The Historic Woolworth Building
The Historic Woolworth Building in Alamo Plaza. Credit: Scott Ball / San Antonio Report

Bexar County Judge Nelson Wolff made news here in San Antonio last week with a call to save Alamo Plaza’s Woolworth Building to commemorate its status as a key institution in peacefully desegregating the city’s businesses.

Two days earlier, local resident Nettie Hinton made news in Canada on the same issue.

Both Hinton and Wolff are motivated by history and memory. Hinton’s memories, however, are the more vivid. Now 80, she grew up in a segregated San Antonio. 

“I remember as a child, at the five and dime on Houston called Kress’s, on that back wall there was a water fountain that said ‘colored,’ and then there was a water fountain that said ‘white,’ and I knew which water fountain I was supposed to drink from,” Hinton told the Toronto Star. “When I got on the bus, I sat at the back of the bus.”

She also remembers Woolworth’s – with some fondness – in its segregated days.

“The wonderful, positive experience with the Woolworth Building is the fact that the bakery stand was right there in front of the seats for the lunch counter,” she said. “And while they would not let me buy lunch at the counter, they would sell me those wonderful doughnuts. They were huge German puffy doughnuts, iced with sugar and things, and we could buy the doughnuts and stand there on the corner. Warm memories. Icing sugary warm memories.”

As a young woman, Nettie Hinton didn’t exactly drink the Kool-Aid, but she did eat the donuts, and drink the water out of the prescribed fountain.

Nettie Hinton

Again from the Toronto Star: “If I was thirsty, I wasn’t going to fight the Civil War battle then. I was going to satisfy my thirst and stay out of trouble and not get my family name diminished in any way.”

I’m not sure when Hinton got over her civil obedience, but for years she has been vocal at City Hall and other venues on a range of issues, including development around a historic bridge and gentrification.

I had the pleasure of sitting next to her years ago for several months during weekly grand jury sessions. I can’t say much about the deliberations, but I’ll just say that she was capable of voting against indicting a young man for marijuana possession when there was strong evidence that he was stopped and searched solely for being black. She also was capable of being in the minority in voting, over prosecutors’ stated preference, to indict a black law enforcement official arrested for driving under the influence.

Now I’m delighted to see her standing up for the Woolworth Building. The peaceful desegregation of the Woolworth’s lunch counter in March 1960 was not alone in playing a role that year in ending the denial of services to blacks, but it was among the earliest to do so without strife. Houston’s lunch counters were desegregated about the same time, but only after the mayor announced that sit-in protesters would be arrested and the police chief stood up to him, saying they weren’t breaking any laws. In much of the rest of the South, beginning in Greensboro, North Carolina, such sit-ins led to ugly scenes. 

The officials charged with transforming Alamo Plaza have yet to commit to saving the Woolworth Building, though they are suggesting that it will receive some recognition.
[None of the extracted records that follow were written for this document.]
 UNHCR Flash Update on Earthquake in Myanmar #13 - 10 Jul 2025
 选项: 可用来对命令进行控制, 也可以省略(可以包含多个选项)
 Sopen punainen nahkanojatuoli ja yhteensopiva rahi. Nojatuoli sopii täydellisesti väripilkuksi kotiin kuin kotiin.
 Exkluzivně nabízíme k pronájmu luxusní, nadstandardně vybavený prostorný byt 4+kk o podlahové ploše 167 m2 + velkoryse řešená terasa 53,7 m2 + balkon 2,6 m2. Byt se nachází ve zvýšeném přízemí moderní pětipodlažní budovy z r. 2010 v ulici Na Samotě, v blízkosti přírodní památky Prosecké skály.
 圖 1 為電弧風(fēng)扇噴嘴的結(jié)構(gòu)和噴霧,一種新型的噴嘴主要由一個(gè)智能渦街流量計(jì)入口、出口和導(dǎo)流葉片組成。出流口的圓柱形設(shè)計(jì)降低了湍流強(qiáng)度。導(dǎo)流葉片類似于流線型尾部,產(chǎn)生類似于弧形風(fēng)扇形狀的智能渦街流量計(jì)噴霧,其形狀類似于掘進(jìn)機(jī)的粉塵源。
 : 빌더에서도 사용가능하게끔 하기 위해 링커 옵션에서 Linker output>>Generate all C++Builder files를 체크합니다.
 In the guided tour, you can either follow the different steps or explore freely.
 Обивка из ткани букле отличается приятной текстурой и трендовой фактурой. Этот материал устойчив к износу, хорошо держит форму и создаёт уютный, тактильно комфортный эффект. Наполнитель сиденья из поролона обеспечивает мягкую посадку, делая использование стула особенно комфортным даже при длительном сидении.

The fact is that two of the main players in the decision, including Texas Land Commissioner George P. Bush, appear to be committed to celebrating the story of the Alamo while giving little more than lip service to the history of the Alamo before the 1836 battle and of the vibrant Alamo Plaza in the years since. 

Worse, their design appears determined to end the Plaza’s role as San Antonio’s most active civic plaza, right up until recent months. Wolff accurately calls Alamo Plaza historically San Antonio’s “greatest civic space” and asks the officials to abandon their plan to allow access through only one gate during the day and six at night.

As the plan was being debated, it called for a glass wall around much of the plaza. At first it was whispered that such a wall was required to protect the plaza from terrorist attacks. When this didn’t seem to be working, officials said Alamo Street needed to be shut down because traffic vibrations were harming the Alamo foundation. That rationale was abandoned when protesting architects asked to see the studies demonstrating it.

Now we’re told the single daytime entrance is necessary to shape the visitor experience by funneling people through the proposed museum. That means that during the day, this vital corner of downtown will be designed as a site solely for tourists, not for citizens. 

Does it also hint at another reason that our most active civic plaza is being entirely turned into a museum: that visitors will be forced to exit through the museum’s gift shop?

Rick Casey's career spans four decades of award-winning reporting on San Antonio. He previously worked as a metro columnist for the former San Antonio Light and, later, the San Antonio Express-News.